The world needs a new place of veneration for GOP heroes: The Dimwitted Dumbo Hall of Shame. Obviously, the ol' Emancipator wouldn't qualify. Nor would Ike. However, the first class of inductees would include Warren G. Harding (thanks to The Krait), The Geezer, Dutch, and The Dubster. What about Turd Blossom and The Dickster? They belong to be somewhere else through eternity and they won't need to bring overcoats either. The Geezer is dimwitted. He didn't graduate in the bottom 5 of his class at Annapolis because he was the brightest bulb in the Naval Academy lamp. The Geezer's choice of The Mighty Quinnette (and all of her baggage) is another tribute to his stupidity. If this is a (fair & balanced) tribute to Forrest Gump, so be it.

[x NY Fishwrap]
McCain’s Grizzly Politics
By Gail Collins

“There is only one man in this election who has really fought for you in places where winning means survival and defeat means death,” Sarah Palin told a crowd in Wisconsin on Friday. John McCain, standing behind her, shifted restlessly as she went on and on about his idealism, his leadership and — did you know he was a war hero?

“... the kind of fellow whose name you will find on war memorials in small towns,” Palin said.

On behalf of the big cities, can I point out that we have memorials, too? Palin had already suggested to her audience — which happened to be in a small town — that people who live in communities of modest size are harder working, more patriotic and definitely not community organizers. At least give us credit for honoring our war dead, Sarah.

“Isn’t this the most marvelous running mate in the history of this nation?” asked McCain, when he finally got a turn at the microphone. A visitor from another planet who dropped in on the Republican campaign at this point would very likely assume that the presidential nominee was a guy who had spent his life as a prisoner of war until he was released just in time to pick Sarah Palin for vice president.

“I can’t wait to introduce her to Washington, D.C., and the pork barrelers and the lobbyists,” he said.

Ah, the dreaded pork barrelers.

John McCain is not actually running for president. He’s running for Senate majority leader. All his passion is directed at defects in the legislative process. He’s been a military man or a senator for virtually all of his adult life, and listening to him talk, you get the definite impression that the two great threats of the 21st century are Islamic extremism and the appropriations committee.

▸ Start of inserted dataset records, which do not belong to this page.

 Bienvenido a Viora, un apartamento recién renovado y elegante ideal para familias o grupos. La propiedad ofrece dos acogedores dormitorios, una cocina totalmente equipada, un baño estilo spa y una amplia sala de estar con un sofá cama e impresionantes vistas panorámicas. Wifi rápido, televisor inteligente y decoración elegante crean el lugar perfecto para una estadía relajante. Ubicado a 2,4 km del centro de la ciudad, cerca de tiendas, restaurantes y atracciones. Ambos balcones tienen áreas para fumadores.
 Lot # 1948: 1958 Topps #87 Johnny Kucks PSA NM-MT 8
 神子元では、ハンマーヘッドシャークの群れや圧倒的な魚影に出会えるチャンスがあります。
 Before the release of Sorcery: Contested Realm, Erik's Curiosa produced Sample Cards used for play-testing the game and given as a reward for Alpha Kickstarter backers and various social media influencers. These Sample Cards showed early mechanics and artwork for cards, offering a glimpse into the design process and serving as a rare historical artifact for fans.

“When I’m president, the first earmark, pork-barrel bill that comes across my desk — I will veto it!” he announced right off the bat. “You will know their names!”

McCain hates, hates, hates earmarking — the Congressional habit of sticking appropriations for special back-home projects in the budget without going through the normal priority-setting process. He talks about it with an enthusiasm that he never manages to summon for the economy, health care or education.

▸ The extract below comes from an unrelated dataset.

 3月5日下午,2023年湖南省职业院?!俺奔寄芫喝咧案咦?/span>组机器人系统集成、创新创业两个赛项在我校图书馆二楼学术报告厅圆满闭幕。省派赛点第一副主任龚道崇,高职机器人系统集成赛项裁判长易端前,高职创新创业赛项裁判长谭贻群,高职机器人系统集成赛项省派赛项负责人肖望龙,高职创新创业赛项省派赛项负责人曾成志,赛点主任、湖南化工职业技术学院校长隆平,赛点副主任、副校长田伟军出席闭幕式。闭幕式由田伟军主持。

Earmarks are indeed a bad thing. If you ever become a U.S. senator, please dedicate yourself to getting rid of them. But for the chief executive of the country, they’re about as critical a problem as the overlong Christmas shopping season.

“As governor of Alaska, Sarah Palin said: ‘We don’t need a Bridge to Nowhere, and if we do, we’ll build it ourselves!’ ” McCain enthused.

The Bridge to Nowhere was that $230 million federal appropriation to help build a span to an island with only a few dozen residents. For McCainiacs, the fight to kill that bridge was the Battle of New Orleans, the invasion of Normandy and the charge up San Juan Hill all rolled into one.

Palin, whose state is more pork-laden than a barbecue stand, actually turned against the bridge project because she thought Washington might make Alaskans build it themselves. If she ever agrees to talk to a reporter, the interviewer should ask Palin whether she thinks a state that is extremely wealthy from oil and gas revenue should not be forswearing federal aid entirely so that less fortunate places can have more.

Really, a governor who puts her country first might think about that.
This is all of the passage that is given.